*** Source material Section Begins ***
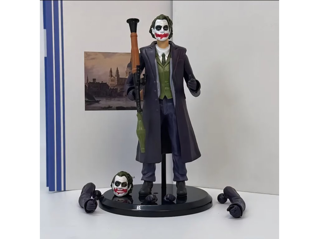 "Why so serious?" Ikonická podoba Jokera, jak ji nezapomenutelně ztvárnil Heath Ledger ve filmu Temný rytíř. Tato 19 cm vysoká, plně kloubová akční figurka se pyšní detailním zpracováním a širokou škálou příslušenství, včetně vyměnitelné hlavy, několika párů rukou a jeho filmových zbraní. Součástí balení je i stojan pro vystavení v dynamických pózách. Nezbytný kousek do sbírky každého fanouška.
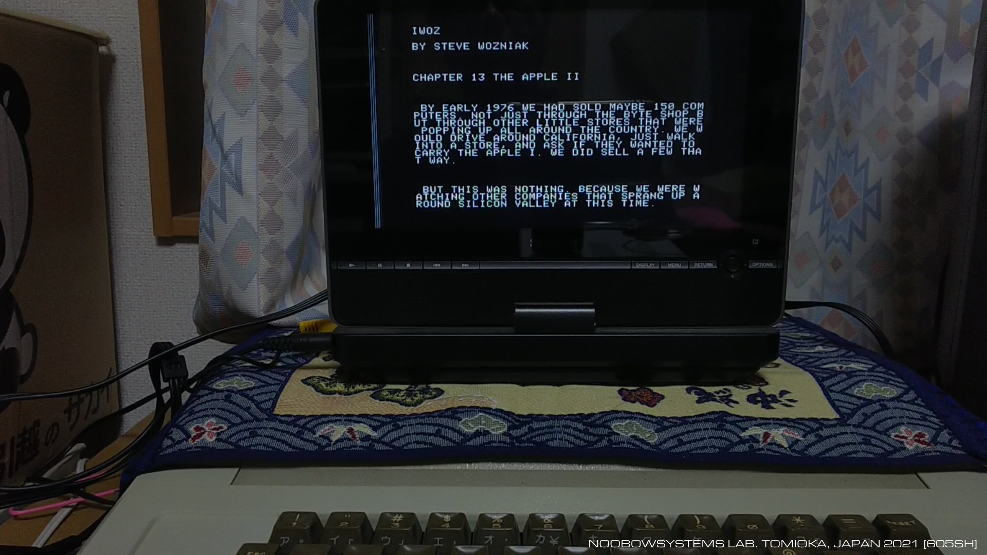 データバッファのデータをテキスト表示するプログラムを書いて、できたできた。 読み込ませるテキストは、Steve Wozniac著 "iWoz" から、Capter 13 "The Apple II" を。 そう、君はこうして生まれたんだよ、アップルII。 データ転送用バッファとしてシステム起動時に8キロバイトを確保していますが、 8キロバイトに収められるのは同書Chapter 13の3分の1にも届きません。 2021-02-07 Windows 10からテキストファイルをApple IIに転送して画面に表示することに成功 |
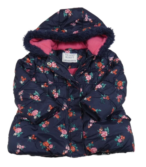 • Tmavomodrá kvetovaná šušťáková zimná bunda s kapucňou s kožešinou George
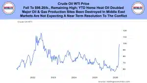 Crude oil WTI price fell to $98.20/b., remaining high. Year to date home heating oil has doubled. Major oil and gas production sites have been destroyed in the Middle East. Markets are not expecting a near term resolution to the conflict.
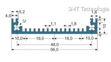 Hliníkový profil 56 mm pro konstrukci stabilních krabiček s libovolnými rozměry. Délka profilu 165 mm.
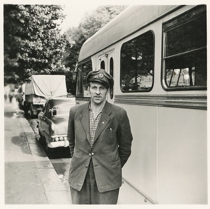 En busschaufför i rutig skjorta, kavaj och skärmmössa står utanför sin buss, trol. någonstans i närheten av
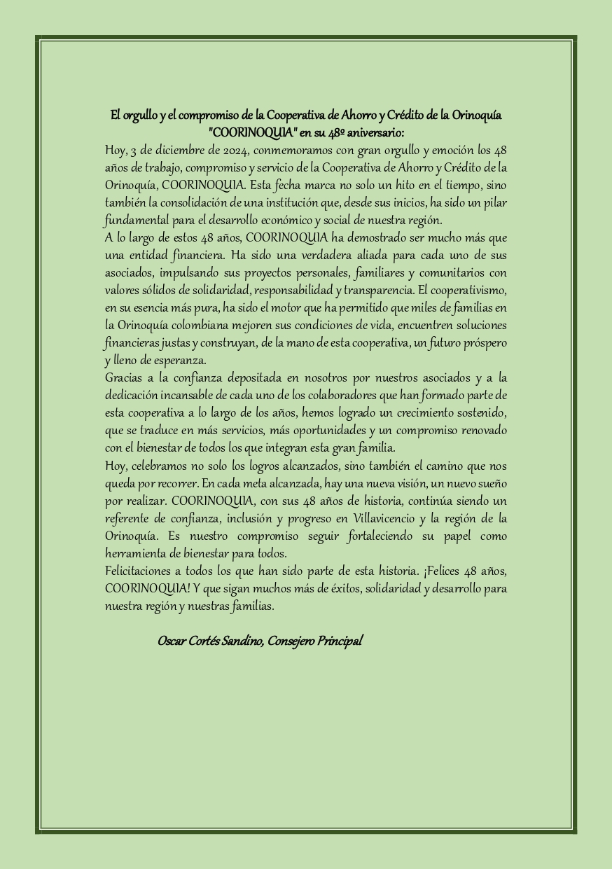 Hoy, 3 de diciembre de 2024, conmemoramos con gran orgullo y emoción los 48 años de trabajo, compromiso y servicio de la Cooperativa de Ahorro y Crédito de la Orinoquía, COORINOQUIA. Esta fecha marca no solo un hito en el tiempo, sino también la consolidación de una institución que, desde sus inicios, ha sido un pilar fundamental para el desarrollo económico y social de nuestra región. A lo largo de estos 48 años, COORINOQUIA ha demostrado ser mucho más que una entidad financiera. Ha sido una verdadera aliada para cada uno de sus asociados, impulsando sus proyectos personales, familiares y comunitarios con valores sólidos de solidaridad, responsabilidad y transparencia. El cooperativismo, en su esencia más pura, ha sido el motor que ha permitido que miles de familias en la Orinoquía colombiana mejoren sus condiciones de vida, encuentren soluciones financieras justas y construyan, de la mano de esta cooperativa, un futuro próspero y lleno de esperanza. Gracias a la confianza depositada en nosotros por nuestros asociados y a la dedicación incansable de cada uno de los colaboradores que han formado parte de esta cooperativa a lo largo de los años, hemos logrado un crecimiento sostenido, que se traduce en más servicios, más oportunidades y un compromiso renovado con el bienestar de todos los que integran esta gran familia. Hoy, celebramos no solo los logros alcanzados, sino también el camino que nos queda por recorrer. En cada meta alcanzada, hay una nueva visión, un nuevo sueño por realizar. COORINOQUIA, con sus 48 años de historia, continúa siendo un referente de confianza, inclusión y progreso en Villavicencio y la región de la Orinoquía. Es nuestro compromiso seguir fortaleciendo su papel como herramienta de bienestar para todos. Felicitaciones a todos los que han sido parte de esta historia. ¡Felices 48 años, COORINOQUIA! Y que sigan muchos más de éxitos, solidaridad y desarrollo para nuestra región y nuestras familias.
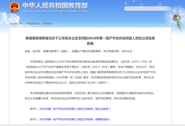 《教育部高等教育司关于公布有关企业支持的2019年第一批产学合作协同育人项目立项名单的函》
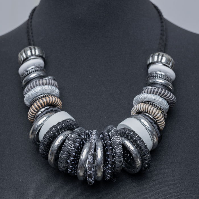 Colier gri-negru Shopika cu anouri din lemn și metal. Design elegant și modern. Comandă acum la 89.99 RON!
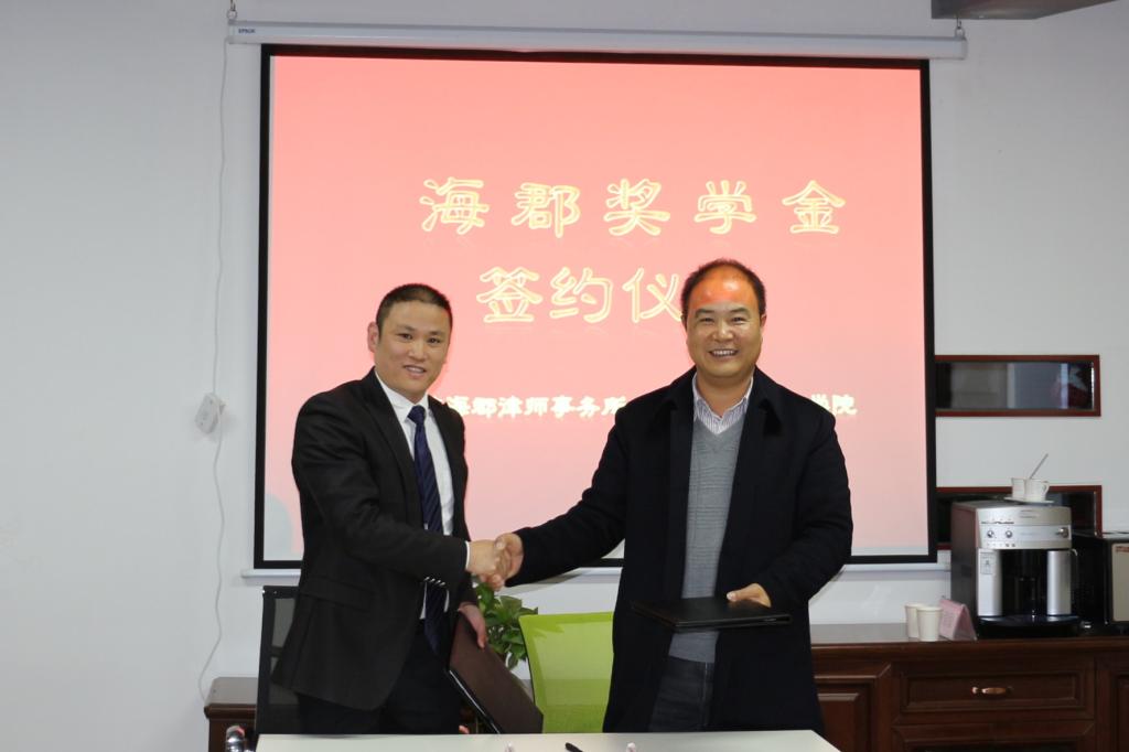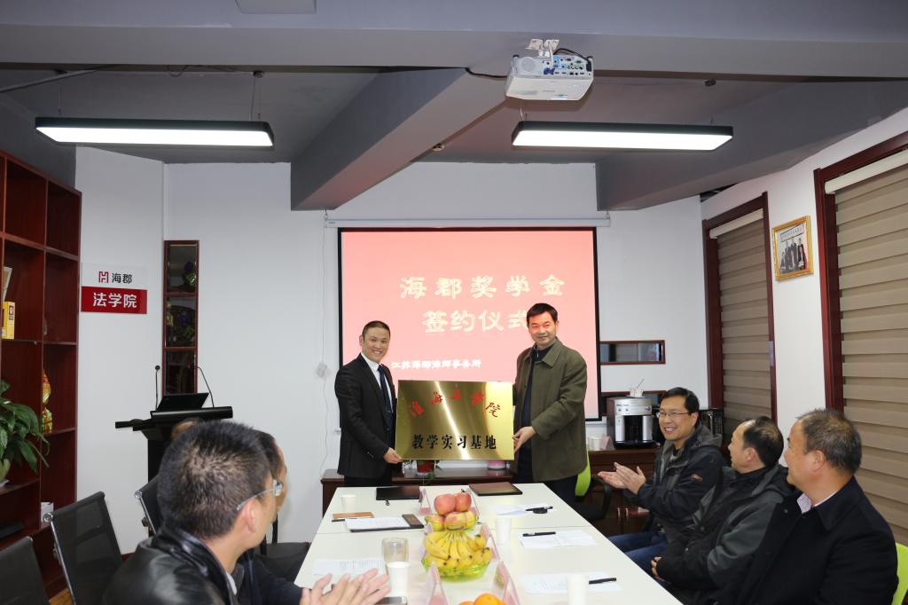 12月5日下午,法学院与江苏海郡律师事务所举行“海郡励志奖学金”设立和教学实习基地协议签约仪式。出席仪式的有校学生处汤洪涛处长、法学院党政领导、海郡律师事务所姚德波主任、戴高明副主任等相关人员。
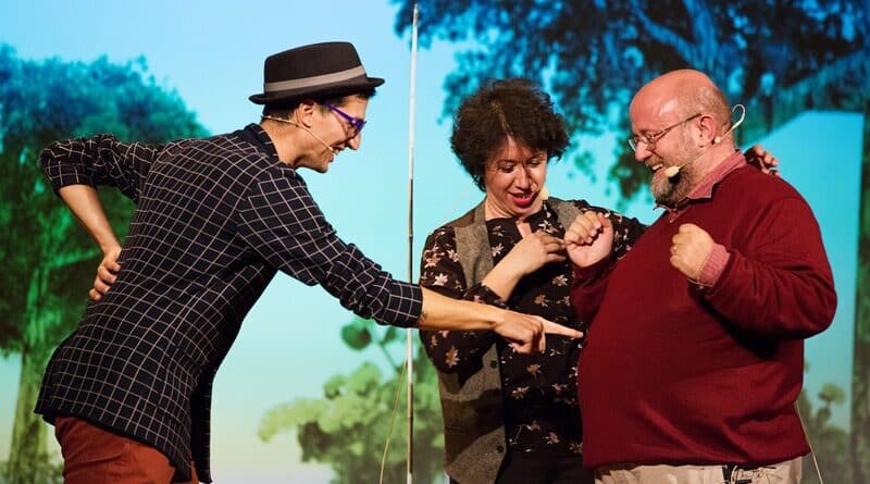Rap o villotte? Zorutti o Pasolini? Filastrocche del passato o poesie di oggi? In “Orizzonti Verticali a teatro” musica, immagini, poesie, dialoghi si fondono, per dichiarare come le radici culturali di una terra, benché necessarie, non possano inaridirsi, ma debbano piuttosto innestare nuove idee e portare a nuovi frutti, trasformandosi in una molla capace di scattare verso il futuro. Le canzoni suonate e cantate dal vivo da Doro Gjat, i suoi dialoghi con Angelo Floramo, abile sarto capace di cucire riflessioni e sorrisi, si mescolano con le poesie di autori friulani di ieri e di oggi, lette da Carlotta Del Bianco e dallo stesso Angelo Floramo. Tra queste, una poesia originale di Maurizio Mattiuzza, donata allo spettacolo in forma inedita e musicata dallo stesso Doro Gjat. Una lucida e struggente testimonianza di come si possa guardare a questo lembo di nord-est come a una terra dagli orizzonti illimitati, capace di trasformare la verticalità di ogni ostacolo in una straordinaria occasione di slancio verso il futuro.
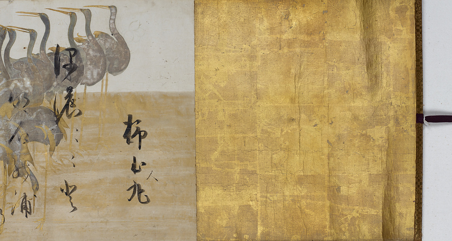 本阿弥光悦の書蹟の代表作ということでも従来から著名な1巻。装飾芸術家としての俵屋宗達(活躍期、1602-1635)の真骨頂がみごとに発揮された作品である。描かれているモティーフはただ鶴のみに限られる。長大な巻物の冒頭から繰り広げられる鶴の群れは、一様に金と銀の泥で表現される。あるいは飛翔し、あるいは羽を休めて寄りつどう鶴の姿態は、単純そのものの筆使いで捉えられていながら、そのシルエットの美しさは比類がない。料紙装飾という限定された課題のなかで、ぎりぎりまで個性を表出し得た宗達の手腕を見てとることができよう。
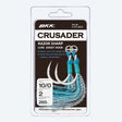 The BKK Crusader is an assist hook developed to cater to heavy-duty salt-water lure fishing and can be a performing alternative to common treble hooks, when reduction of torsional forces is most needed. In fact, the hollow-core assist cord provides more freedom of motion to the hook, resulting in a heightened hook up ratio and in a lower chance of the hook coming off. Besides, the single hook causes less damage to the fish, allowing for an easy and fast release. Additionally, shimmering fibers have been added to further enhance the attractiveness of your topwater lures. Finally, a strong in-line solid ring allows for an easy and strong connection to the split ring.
*** Source material Section Ends ***
▸ What you will do: Beginning at the line that has "Crude oil WTI" and ending at the line that has "En busschaufför i", restate the listing above word for word, pictures left out.

▸ Task solution:
 Crude oil WTI price fell to $98.20/b., remaining high. Year to date home heating oil has doubled. Major oil and gas production sites have been destroyed in the Middle East. Markets are not expecting a near term resolution to the conflict.
 Hliníkový profil 56 mm pro konstrukci stabilních krabiček s libovolnými rozměry. Délka profilu 165 mm.
 En busschaufför i rutig skjorta, kavaj och skärmmössa står utanför sin buss, trol. någonstans i närheten av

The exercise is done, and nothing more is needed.